The Gen. Lewis R. Morris House is a historic house and farm property at 456 Old Connecticut River Road in Springfield, Vermont. Its main house, built in 1795, is well-preserved local example of Federal architecture with later Greek Revival features. The property also includes well-preserved 19th-century agricultural buildings, and was listed on the National Register of Historic Places in 1992.

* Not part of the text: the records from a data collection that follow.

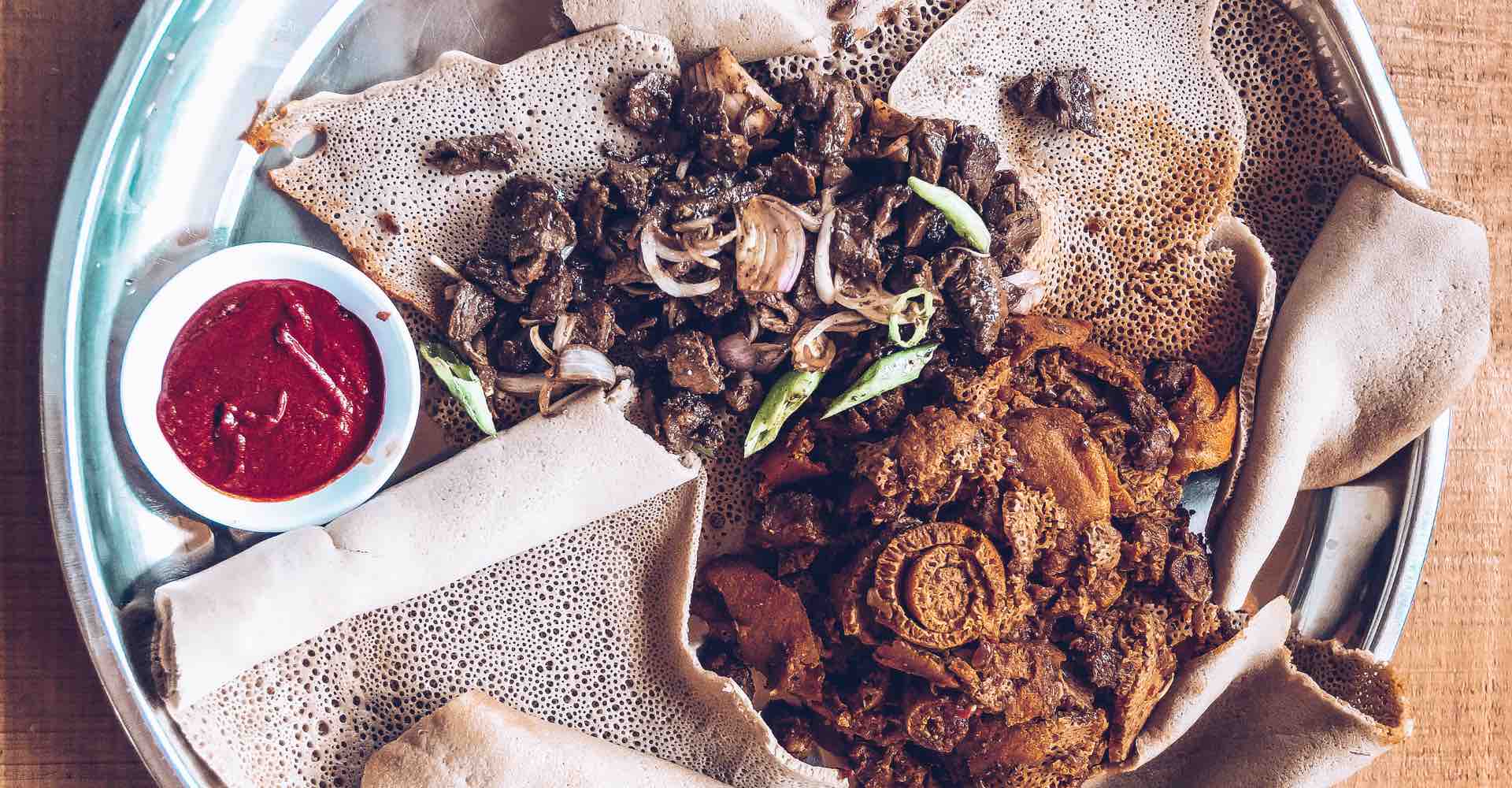 Injera ist das Herzstück der äthiopischen Küche und gilt als Nationalgericht. Dieses Fladenbrot wird traditionell mit Teffmehl zubereitet und dient als Grundlage für verschiedene Eintöpfe, Beilagen und Saucen. Es wird mit den Fingern der rechten Hand gegessen, was das Gemeinschaftsgefühl und die familiäre Atmosphäre beim Essen verstärkt.
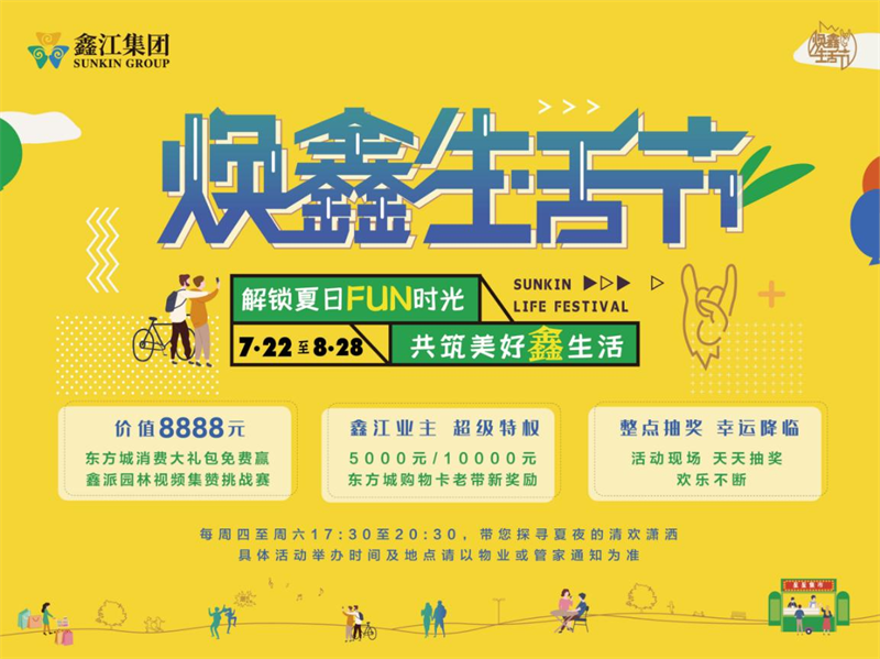 (This SUNKIN Life Festival will be held in the SUNKIN’s delivered communities from 17:30 to 20:30, Thursday to Saturday, during the period from July 22 to August 28. In case of bad weather and other force majeure factors, this event will be postponed. The time and place of event will be subject to the service or steward notice.)
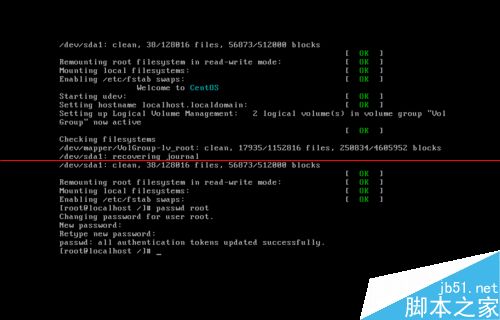 6、進入單用戶界面輸入B 界面,passwd 用戶名 然后輸入要修改的密碼,提示所有認證口令更新成功,這樣密碼就修改成功了。密碼修改完成后,輸入init 3 進入多用戶模式。
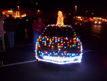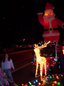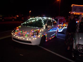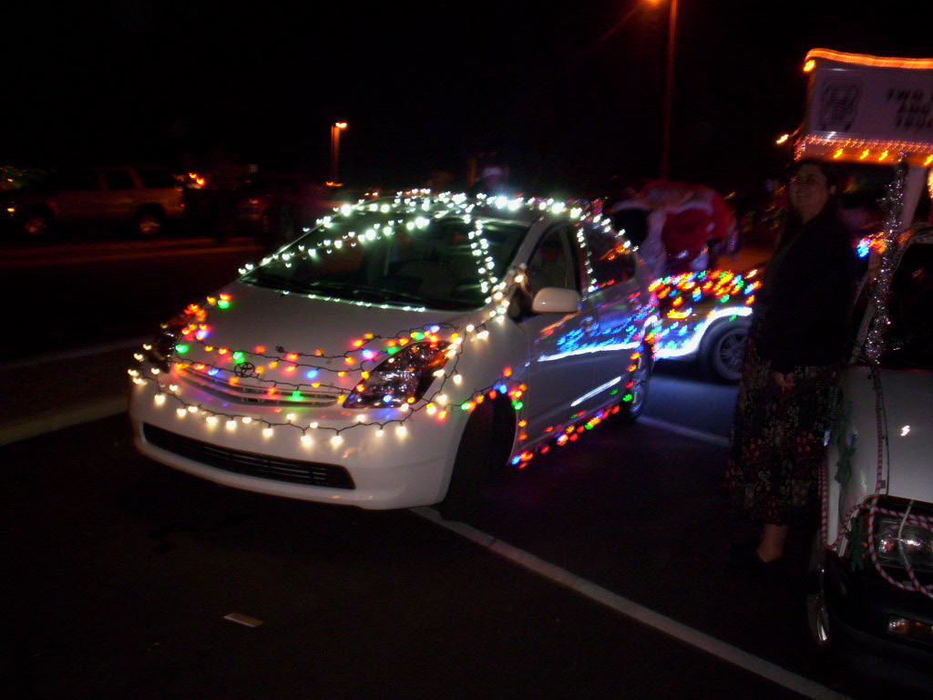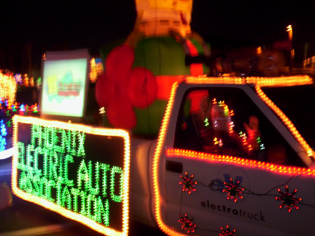 "We had another intereting light parade this year. There were 4 vehicles from the [Phoenix] EAA participaing this time. Sam had SpongeBob and a video this year playing the entire way, Rick had his cool Saturn EV with some of the brightest LED rope lights in the country, his Mom and Dad had the largest inflatable Santa in the parade riding on their GEM NEV and Elaine and Laura drove our '05 Prius almost all the way on electric only. I was the walker and got a few nice pictures." - Jim Stack
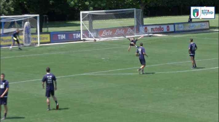 È un numero da maestri quello che Nicolò Barella, ventiduenne centrocampista del Cagliari, ha mostrato ai suoi compagni di squadra durante l'ultimo allenamento con la Nazionale. In vista della partita di qualificazione per le europee, Italia-Grecia, di sabato 8 giugno alle 20,45 gli azzurri si stanno allenando intensivamente. Ma dopo la sforbiciata del sardo, anche i compagni di squadra si sono presi una pausa, quasi increduli per ciò che avevano visto.
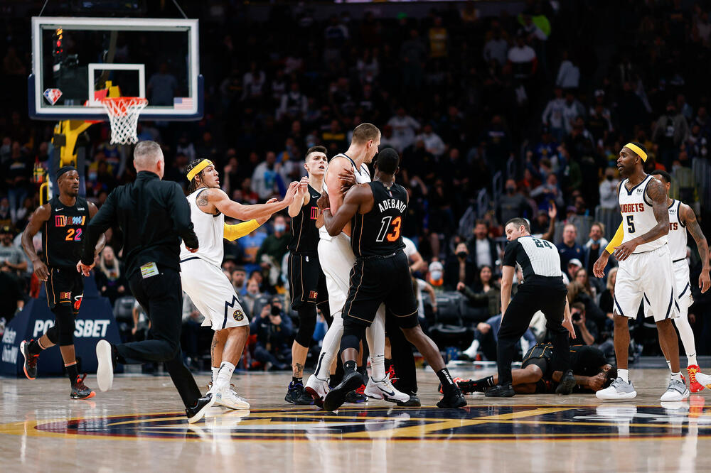 Košarkaši Denvera pobijedili su na svom terenu ekipu Majamija sa 113:96, a meč je obilježio Nikola Jokić - i učinkom i incidentom.

==Description and history==
The Morris House stands overlooking the Connecticut River in eastern Springfield, its informally landscaped lot separated from the river bank by Old Connecticut River Road, historically the main route along the river's west bank (since replaced by United States Route 5, which passes west of the farm property). The main house is a two-story wood-frame structure, with a hip roof and clapboarded exterior. The east-facing front facade is five bays across, with a center entrance flanked by pilasters and topped by a half-round transom window and gabled pediment. The building corners have narrow pilasters, rising to a dentillated cornice. The interior follows a typical Georgian central hall plan, with much original Federal period woodwork augmented by Greek Revival touches. The farm complex also includes 19th-century carriage and stock barns, and a large corn crib.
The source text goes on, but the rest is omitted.